### Exercise requirements:
Looking at the listing below, retype exactly the lines starting at the one containing "cutting edge. |" and ending at the one containing "当院では病気の早期発見、早期", both included, and nothing else.

### Data for analysis:
****

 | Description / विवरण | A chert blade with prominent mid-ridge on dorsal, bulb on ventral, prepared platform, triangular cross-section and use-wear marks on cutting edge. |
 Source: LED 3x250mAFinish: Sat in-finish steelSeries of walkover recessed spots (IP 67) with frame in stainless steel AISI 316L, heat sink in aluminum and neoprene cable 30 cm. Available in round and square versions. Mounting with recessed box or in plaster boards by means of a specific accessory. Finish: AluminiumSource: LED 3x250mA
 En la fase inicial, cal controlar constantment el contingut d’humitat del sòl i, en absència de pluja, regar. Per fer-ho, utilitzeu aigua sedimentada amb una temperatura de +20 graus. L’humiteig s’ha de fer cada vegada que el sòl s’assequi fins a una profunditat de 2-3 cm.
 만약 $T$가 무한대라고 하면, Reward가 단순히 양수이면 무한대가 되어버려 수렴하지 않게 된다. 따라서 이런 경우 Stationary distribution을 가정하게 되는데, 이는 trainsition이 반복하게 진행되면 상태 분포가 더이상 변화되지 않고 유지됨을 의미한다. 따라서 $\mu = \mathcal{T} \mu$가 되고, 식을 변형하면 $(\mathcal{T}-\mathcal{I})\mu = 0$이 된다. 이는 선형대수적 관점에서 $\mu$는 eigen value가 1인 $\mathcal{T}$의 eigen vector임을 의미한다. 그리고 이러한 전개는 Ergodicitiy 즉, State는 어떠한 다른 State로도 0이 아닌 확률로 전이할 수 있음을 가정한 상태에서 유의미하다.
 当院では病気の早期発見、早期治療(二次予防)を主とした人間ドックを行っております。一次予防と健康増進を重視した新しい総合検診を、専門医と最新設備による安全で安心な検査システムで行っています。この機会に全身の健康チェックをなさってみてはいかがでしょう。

****

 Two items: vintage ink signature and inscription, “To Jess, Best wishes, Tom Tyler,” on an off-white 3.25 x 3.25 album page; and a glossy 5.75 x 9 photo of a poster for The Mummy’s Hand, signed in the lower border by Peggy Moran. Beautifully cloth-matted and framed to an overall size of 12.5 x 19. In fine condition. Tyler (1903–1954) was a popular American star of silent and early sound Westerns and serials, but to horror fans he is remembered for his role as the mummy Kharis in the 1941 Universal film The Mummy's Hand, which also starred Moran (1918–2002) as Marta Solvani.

****

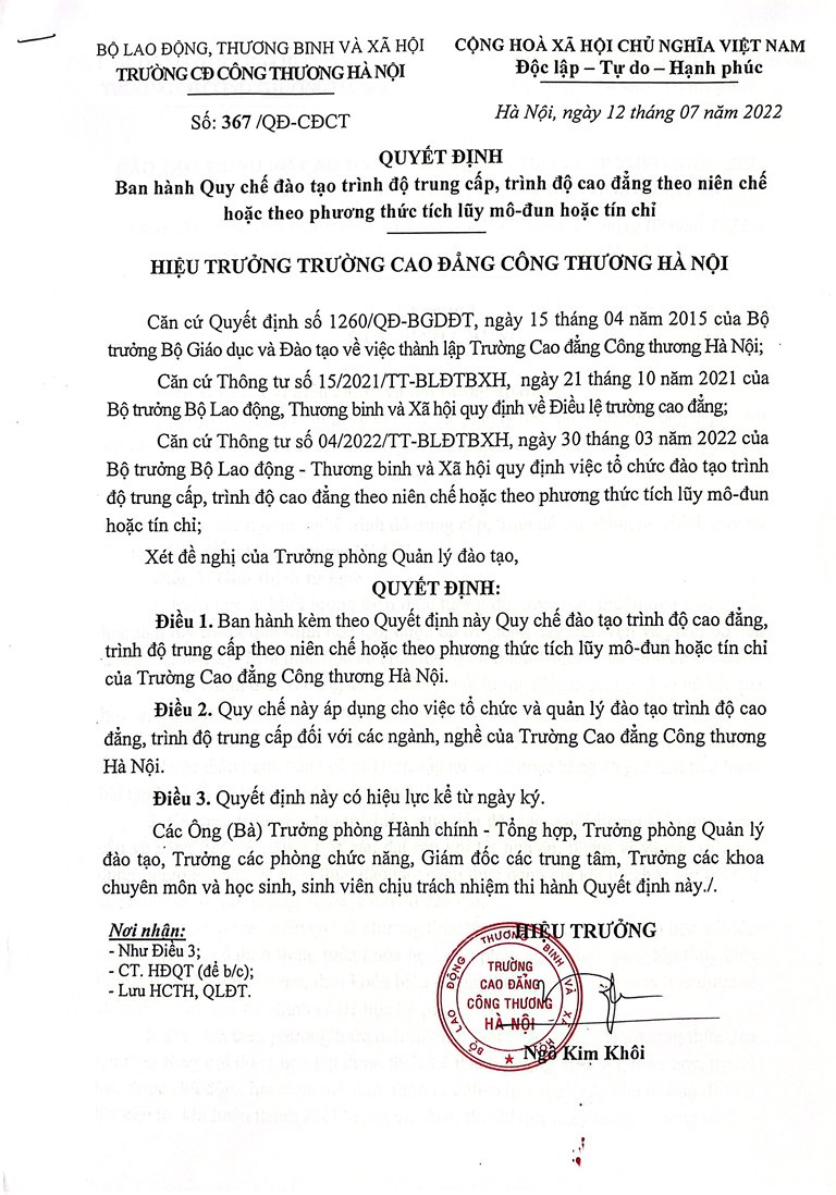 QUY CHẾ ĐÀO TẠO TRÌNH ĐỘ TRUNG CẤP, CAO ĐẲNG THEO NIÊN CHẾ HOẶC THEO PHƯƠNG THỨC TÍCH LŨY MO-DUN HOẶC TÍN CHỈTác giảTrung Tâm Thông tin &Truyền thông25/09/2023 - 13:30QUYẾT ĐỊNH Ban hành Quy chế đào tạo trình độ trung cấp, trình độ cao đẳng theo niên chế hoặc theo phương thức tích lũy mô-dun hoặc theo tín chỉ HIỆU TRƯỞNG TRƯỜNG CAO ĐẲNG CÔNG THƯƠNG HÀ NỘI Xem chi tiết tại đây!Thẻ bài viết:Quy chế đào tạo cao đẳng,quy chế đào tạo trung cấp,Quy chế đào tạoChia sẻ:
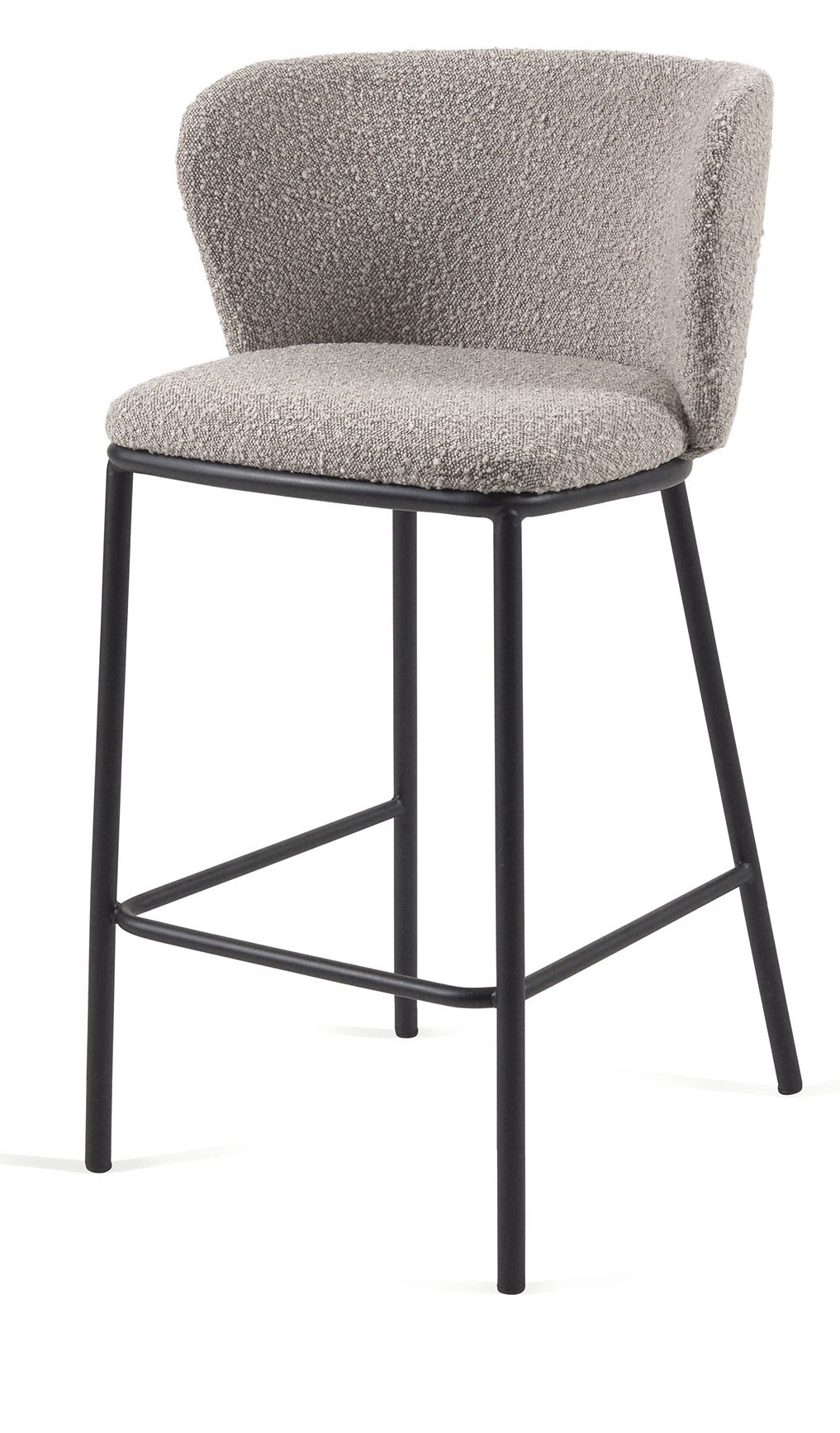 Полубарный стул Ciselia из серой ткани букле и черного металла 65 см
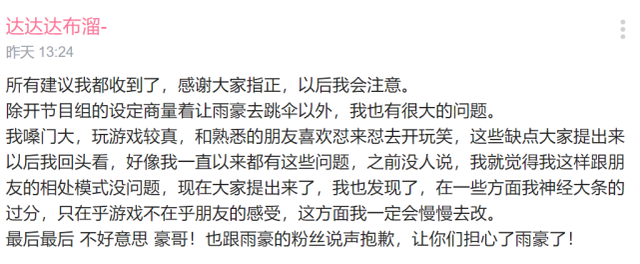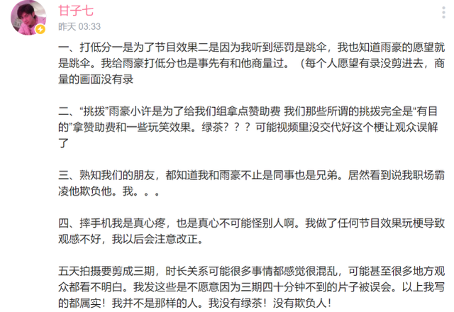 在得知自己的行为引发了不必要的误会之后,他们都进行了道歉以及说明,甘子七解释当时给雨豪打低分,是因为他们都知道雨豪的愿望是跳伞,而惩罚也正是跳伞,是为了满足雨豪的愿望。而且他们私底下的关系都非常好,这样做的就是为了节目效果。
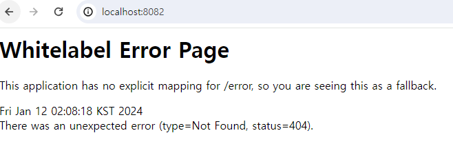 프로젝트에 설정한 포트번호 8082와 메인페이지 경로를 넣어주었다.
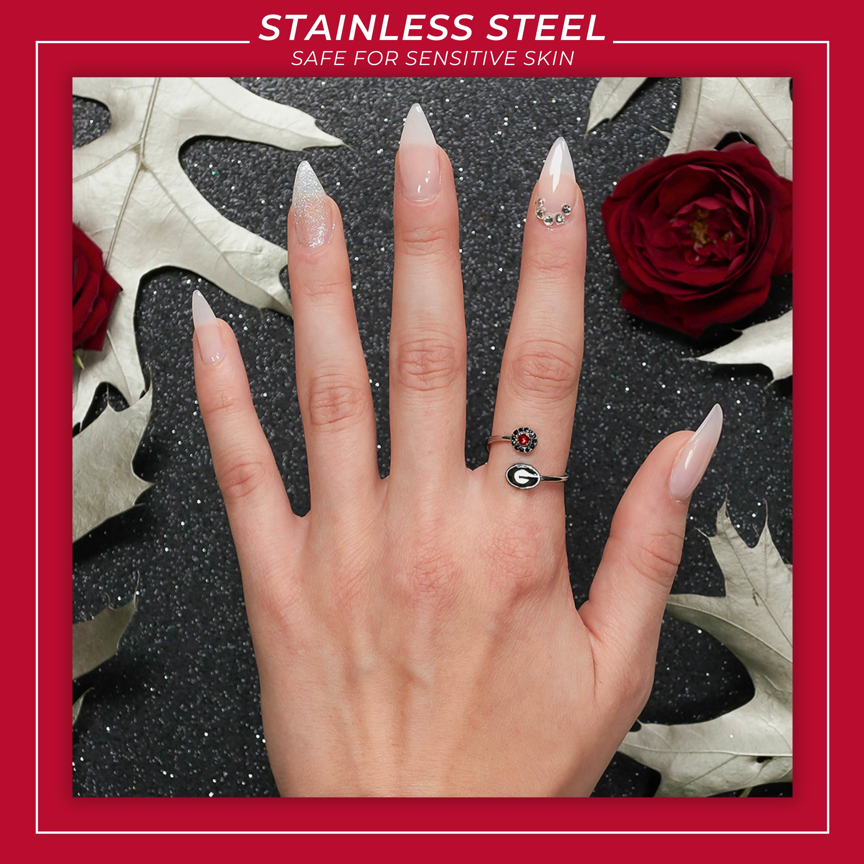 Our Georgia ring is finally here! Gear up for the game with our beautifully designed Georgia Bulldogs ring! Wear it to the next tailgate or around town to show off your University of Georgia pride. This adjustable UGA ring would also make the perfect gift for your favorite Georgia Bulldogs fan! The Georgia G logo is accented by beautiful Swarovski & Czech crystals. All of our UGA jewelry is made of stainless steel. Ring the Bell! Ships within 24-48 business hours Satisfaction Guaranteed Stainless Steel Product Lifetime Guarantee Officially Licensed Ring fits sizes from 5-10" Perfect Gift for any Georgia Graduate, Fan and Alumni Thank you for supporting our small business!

****

### Solution to this problem:
 | Description / विवरण | A chert blade with prominent mid-ridge on dorsal, bulb on ventral, prepared platform, triangular cross-section and use-wear marks on cutting edge. |
 Source: LED 3x250mAFinish: Sat in-finish steelSeries of walkover recessed spots (IP 67) with frame in stainless steel AISI 316L, heat sink in aluminum and neoprene cable 30 cm. Available in round and square versions. Mounting with recessed box or in plaster boards by means of a specific accessory. Finish: AluminiumSource: LED 3x250mA
 En la fase inicial, cal controlar constantment el contingut d’humitat del sòl i, en absència de pluja, regar. Per fer-ho, utilitzeu aigua sedimentada amb una temperatura de +20 graus. L’humiteig s’ha de fer cada vegada que el sòl s’assequi fins a una profunditat de 2-3 cm.
 만약 $T$가 무한대라고 하면, Reward가 단순히 양수이면 무한대가 되어버려 수렴하지 않게 된다. 따라서 이런 경우 Stationary distribution을 가정하게 되는데, 이는 trainsition이 반복하게 진행되면 상태 분포가 더이상 변화되지 않고 유지됨을 의미한다. 따라서 $\mu = \mathcal{T} \mu$가 되고, 식을 변형하면 $(\mathcal{T}-\mathcal{I})\mu = 0$이 된다. 이는 선형대수적 관점에서 $\mu$는 eigen value가 1인 $\mathcal{T}$의 eigen vector임을 의미한다. 그리고 이러한 전개는 Ergodicitiy 즉, State는 어떠한 다른 State로도 0이 아닌 확률로 전이할 수 있음을 가정한 상태에서 유의미하다.
 当院では病気の早期発見、早期治療(二次予防)を主とした人間ドックを行っております。一次予防と健康増進を重視した新しい総合検診を、専門医と最新設備による安全で安心な検査システムで行っています。この機会に全身の健康チェックをなさってみてはいかがでしょう。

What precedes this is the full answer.